Moore skupił uwagę na ostatnim akapicie. Potrafił go odczytać, bo nie był to już medyczny stenogram.

Pacjentka stała się nerwowa. Nie zgodziła się na pobranie próbek ani dalsze badanie. Po wykonaniu podstawowych testów na HIV i choroby weneryczne ubrała się i wyszła, zanim zawiadomiono policję.

– A więc gwałtu nie zgłoszono – stwierdził Moore. – Nie ma wymazu z pochwy i DNA sprawcy.

Catherine milczała. Stała ze spuszczoną głową, ściskając w dłoniach segregator.

– Doktor Cordell? – Moore dotknął jej ramienia. Drgnęła jak oparzona, więc szybko cofnął rękę. Gdy podniosła głowę, zobaczył w jej oczach gniew. Nie wyglądała w tym momencie na bezbronną kobietę.

– Zgwałcona w maju, zamordowana w lipcu – stwierdziła. – Żyjemy w cudownym świecie, prawda?

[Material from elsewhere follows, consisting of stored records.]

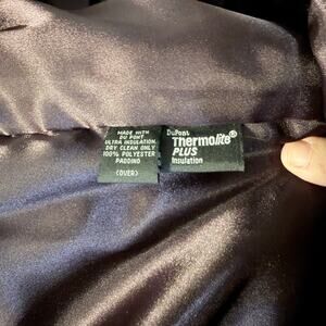 Women’s size Large. 100% leather long coat in plum purple. Button front, two pockets, back slit, and removable Thermolite insulated liner. Fully lined. Great quality and style!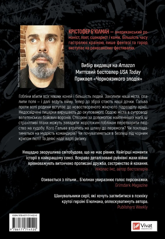 Гобліни вбили всіх наших коней і більшість людей. Захопили наші міста, спалили поля — і далі ведуть війну. Тепер до зброї стають наші дочки. Ґальва проти волі родини вступає до новоствореного жіночого підрозділу армії… Недосвідчені лицарки вирушають до окупованого Ордою міста в супроводі велетенських бойових воронів. Створені за допомогою найтемнішої магії, ці страхітливі птахи можуть завадити жорстоким гоблінам перетворити людство на худобу. Кого Ґальва втратить на шляху до перемоги? Чи покладатиметься на мудрість командирів? Чи почуватиметься в безпеці під чорним крилом люті? Та деякі надії варті ризику.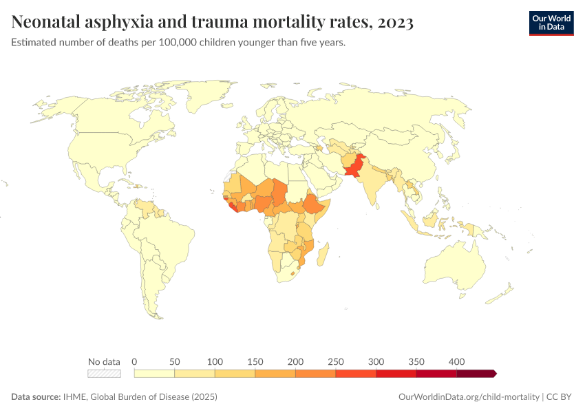 IHME, Global Burden of Disease (2025) – with major processing by Our World in Data. “Neonatal asphyxia and trauma mortality rates – IHME” [dataset]. IHME, Global Burden of Disease, “Global Burden of Disease - Deaths” [original data]. Retrieved April 14, 2026 from https://data-childlabor-ilounicef.owid.pages.dev:8789/20260323-161325/grapher/mortality-neonatal-asphyxia-and-trauma.html (archived on March 23, 2026).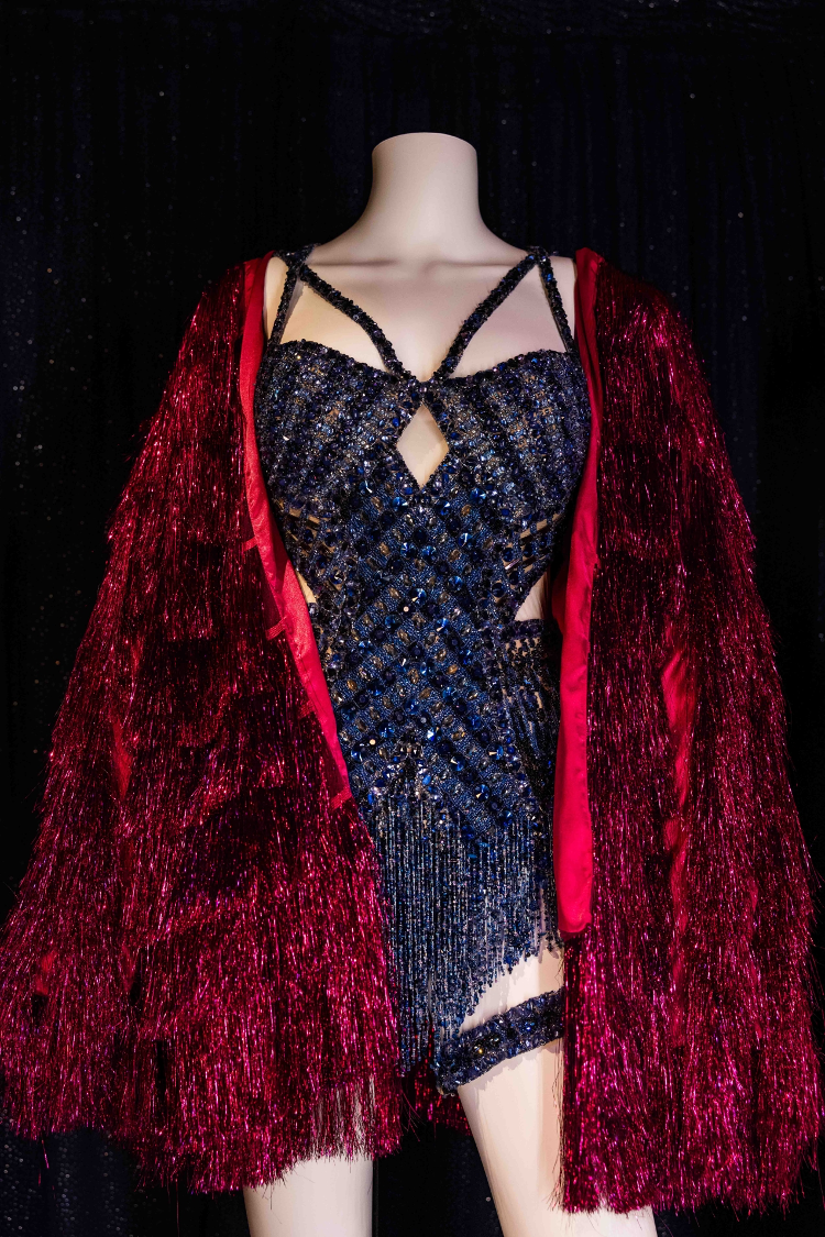 Se trata de un bodysuit azul medianoche, cubierto de cristales y cortes laterales, acompañado de una chamarra de flecos multicolor que Taylor Swift utiliza durante la interpretación de “Karma”.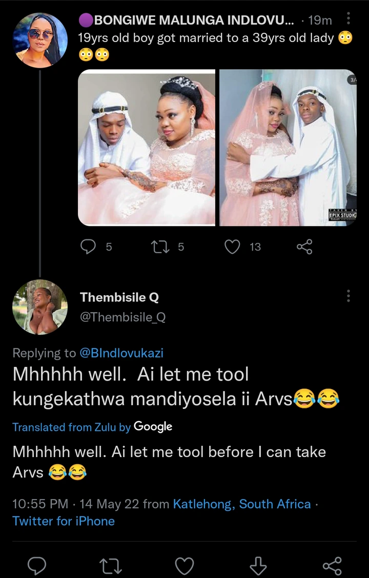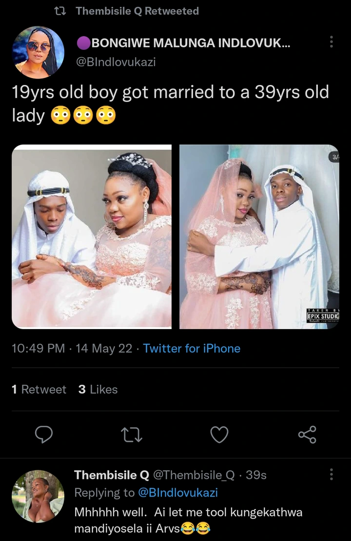 News making round on social media is what some people are describing as love at its peak, or better still a movie. It’s been reported that a 19 years old teenager has decided to marry his 39 years old lover. This implies that the woman is almost 20 years his senior. Some people cannot fathom why the marriage took place, as someone posted, “19yrs old boy got married to a 39yrs old lady”.

– Rozmawialiśmy ze wszystkimi członkami jej rodziny. Nikt nie wspomniał o gwałcie.

– Po prostu im nie powiedziała.

Ile kobiet utrzymuje to w tajemnicy? – zastanawiał się. Ile z nich ma tak bolesne wspomnienia, że nie mogą się zwierzyć nawet ludziom, których kochają? Patrząc na Catherine, pomyślał, że i ona szukała pocieszenia w gronie nieznajomych osób.